* **TASK OBJECTIVE**: From the material below, set down exactly the lines that run from the one containing "我们将迎来全世界女性共同的节" to the one containing "Đề thi thử Quốc", minus the pictures.

* **DATASET ENTRIES**:

○ ○ ○ ○ ○ ○ ○

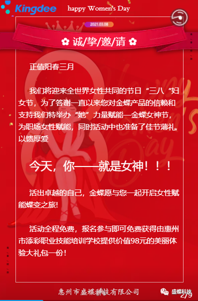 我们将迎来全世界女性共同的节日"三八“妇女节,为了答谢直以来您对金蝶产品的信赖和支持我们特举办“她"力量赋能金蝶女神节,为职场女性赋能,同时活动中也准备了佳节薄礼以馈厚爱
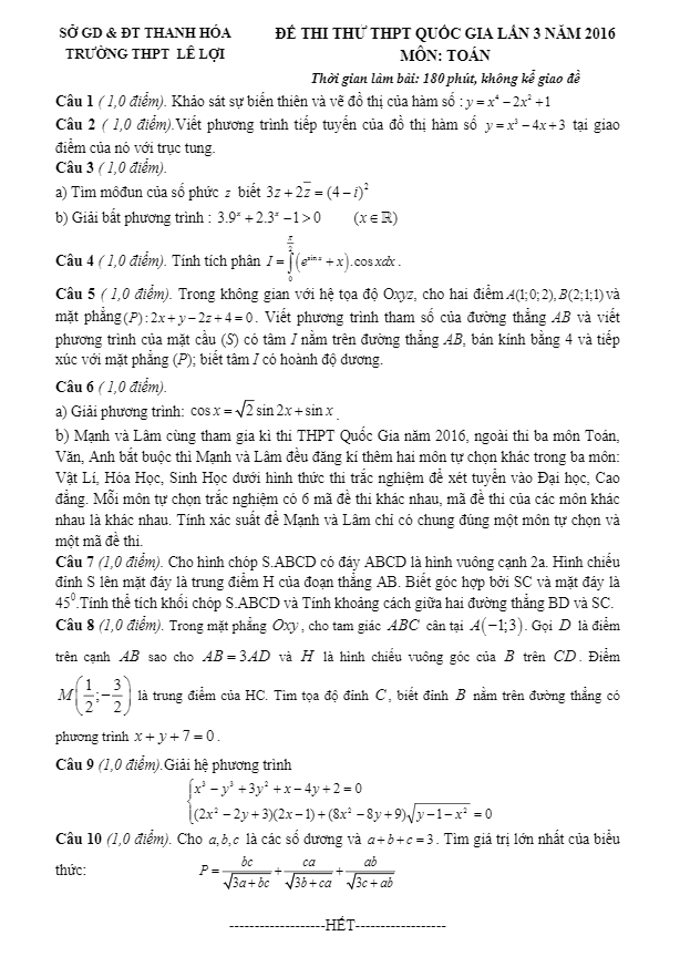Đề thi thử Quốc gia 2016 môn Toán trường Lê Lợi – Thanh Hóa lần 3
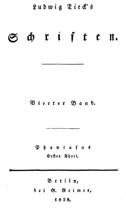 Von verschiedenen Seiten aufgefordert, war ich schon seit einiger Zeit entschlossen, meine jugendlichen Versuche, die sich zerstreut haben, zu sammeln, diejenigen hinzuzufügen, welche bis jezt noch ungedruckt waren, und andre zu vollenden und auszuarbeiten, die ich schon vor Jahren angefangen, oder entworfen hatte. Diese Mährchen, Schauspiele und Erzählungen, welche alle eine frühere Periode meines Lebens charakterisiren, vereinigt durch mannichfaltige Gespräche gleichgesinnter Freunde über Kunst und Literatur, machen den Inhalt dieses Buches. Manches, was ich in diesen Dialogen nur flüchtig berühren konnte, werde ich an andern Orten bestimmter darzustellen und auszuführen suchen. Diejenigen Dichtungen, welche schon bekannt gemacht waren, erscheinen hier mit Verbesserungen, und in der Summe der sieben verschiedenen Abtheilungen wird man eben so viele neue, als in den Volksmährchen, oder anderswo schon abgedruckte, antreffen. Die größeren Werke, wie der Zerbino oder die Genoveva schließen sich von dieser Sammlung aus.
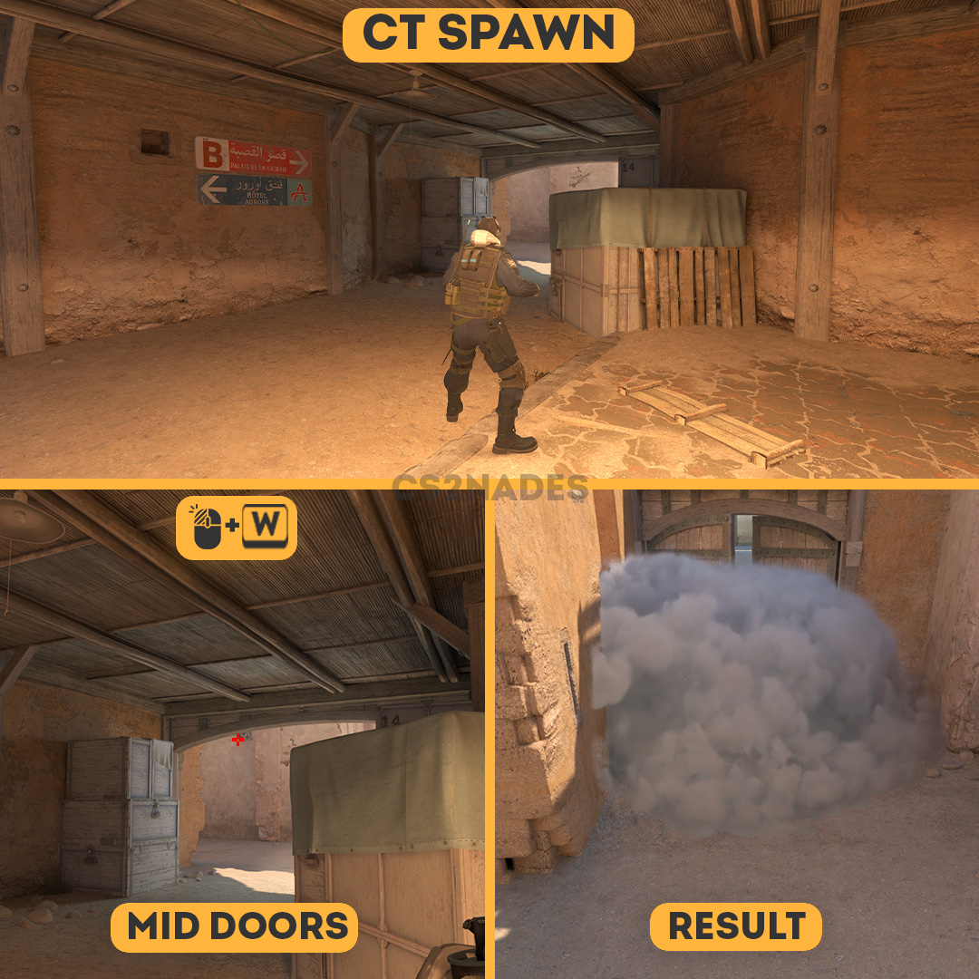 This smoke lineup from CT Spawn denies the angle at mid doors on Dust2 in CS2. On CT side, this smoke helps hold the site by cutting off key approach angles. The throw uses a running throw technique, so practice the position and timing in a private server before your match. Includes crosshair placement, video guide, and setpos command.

○ ○ ○ ○ ○ ○ ○

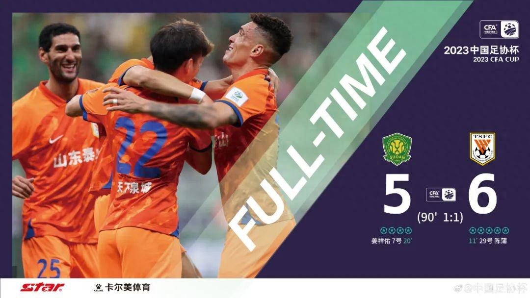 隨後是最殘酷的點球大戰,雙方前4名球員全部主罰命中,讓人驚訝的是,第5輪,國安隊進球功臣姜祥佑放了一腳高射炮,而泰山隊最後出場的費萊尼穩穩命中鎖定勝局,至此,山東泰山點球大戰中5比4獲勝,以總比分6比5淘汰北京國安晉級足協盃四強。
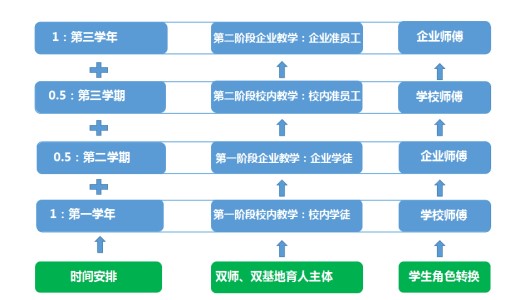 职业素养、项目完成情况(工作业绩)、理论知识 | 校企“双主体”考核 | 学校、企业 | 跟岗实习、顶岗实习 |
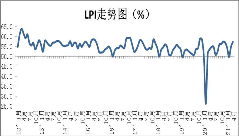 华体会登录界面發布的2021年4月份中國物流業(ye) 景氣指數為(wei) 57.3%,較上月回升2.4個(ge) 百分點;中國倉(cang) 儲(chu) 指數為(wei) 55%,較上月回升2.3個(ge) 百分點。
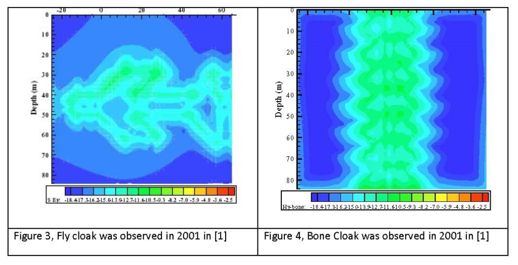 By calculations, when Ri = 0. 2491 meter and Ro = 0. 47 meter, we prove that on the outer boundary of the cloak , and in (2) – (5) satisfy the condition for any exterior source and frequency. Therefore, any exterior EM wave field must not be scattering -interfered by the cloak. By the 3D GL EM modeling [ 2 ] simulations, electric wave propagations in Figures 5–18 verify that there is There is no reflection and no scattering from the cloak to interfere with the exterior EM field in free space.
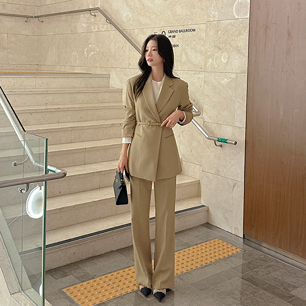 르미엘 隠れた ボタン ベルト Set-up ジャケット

○ ○ ○ ○ ○ ○ ○

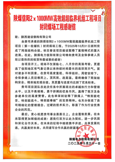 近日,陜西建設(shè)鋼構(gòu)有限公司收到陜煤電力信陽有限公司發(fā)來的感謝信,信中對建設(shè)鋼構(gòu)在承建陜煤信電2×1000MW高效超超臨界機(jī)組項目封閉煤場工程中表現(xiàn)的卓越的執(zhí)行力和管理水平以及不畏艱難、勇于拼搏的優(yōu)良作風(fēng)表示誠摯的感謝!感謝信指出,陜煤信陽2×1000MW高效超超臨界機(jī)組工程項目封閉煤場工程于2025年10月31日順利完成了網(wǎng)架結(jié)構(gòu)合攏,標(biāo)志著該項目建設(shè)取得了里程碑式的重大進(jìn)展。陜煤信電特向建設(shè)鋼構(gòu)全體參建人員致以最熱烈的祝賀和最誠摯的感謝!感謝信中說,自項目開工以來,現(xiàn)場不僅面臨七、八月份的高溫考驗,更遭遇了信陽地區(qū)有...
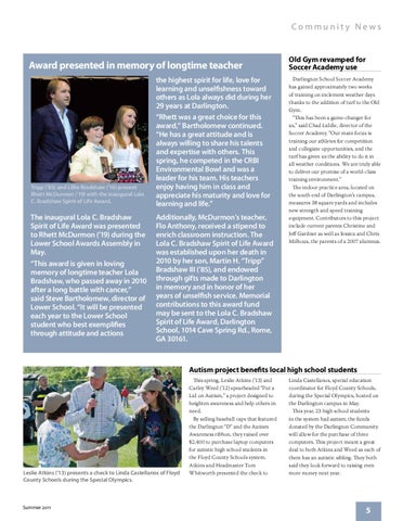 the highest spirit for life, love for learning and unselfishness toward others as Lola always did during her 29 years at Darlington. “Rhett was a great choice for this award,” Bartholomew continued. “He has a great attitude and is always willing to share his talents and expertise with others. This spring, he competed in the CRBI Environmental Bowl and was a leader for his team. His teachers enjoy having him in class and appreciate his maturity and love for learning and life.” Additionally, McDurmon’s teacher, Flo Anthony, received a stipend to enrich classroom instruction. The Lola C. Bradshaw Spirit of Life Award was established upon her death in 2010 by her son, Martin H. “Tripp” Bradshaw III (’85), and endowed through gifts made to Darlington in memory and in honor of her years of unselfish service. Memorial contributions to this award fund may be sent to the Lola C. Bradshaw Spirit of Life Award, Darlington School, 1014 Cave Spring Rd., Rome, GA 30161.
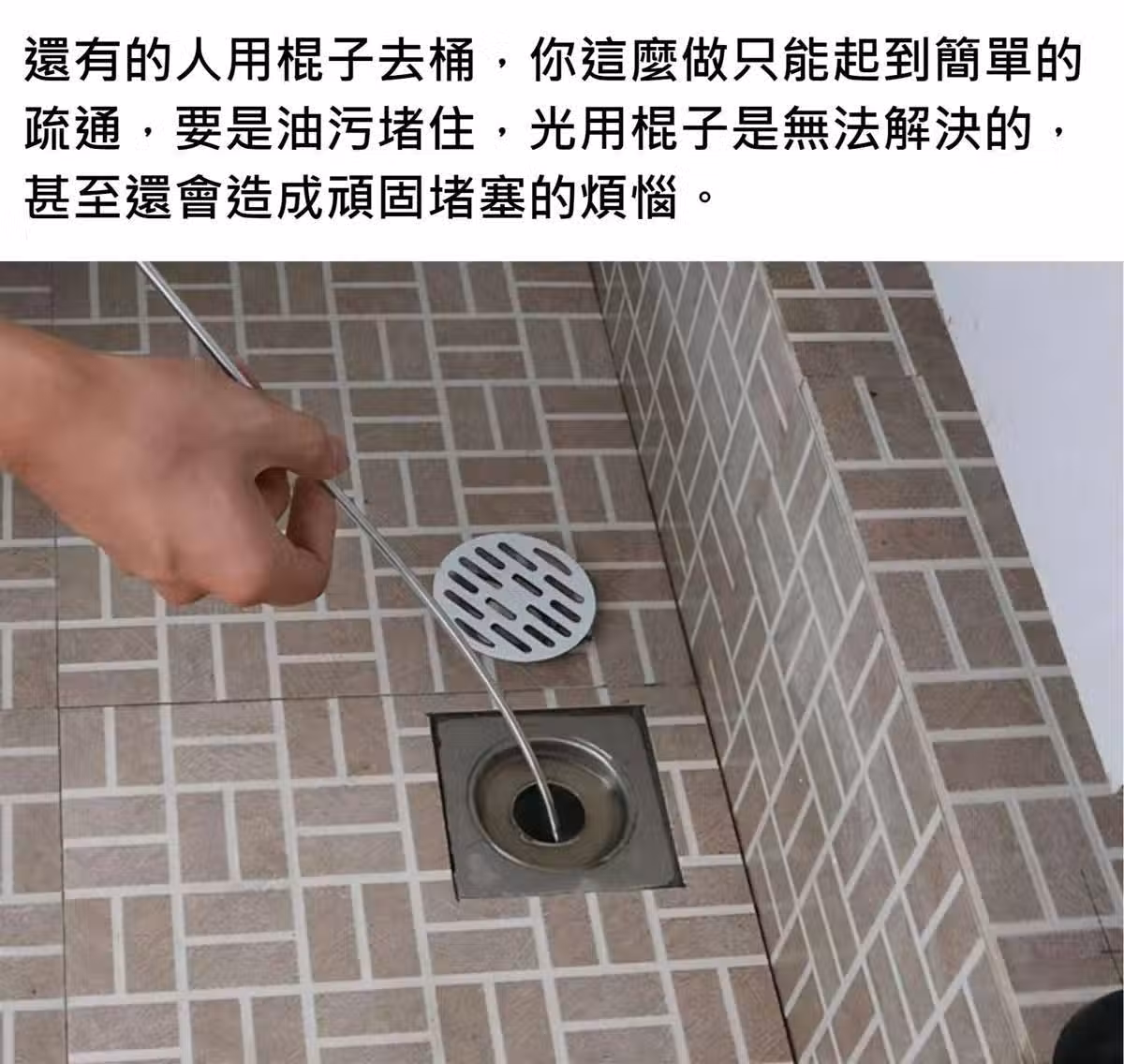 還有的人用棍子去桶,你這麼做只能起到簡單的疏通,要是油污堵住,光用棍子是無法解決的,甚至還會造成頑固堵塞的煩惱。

○ ○ ○ ○ ○ ○ ○

* **SOLUTION TO THIS TASK**:
 我们将迎来全世界女性共同的节日"三八“妇女节,为了答谢直以来您对金蝶产品的信赖和支持我们特举办“她"力量赋能金蝶女神节,为职场女性赋能,同时活动中也准备了佳节薄礼以馈厚爱
Đề thi thử Quốc gia 2016 môn Toán trường Lê Lợi – Thanh Hóa lần 3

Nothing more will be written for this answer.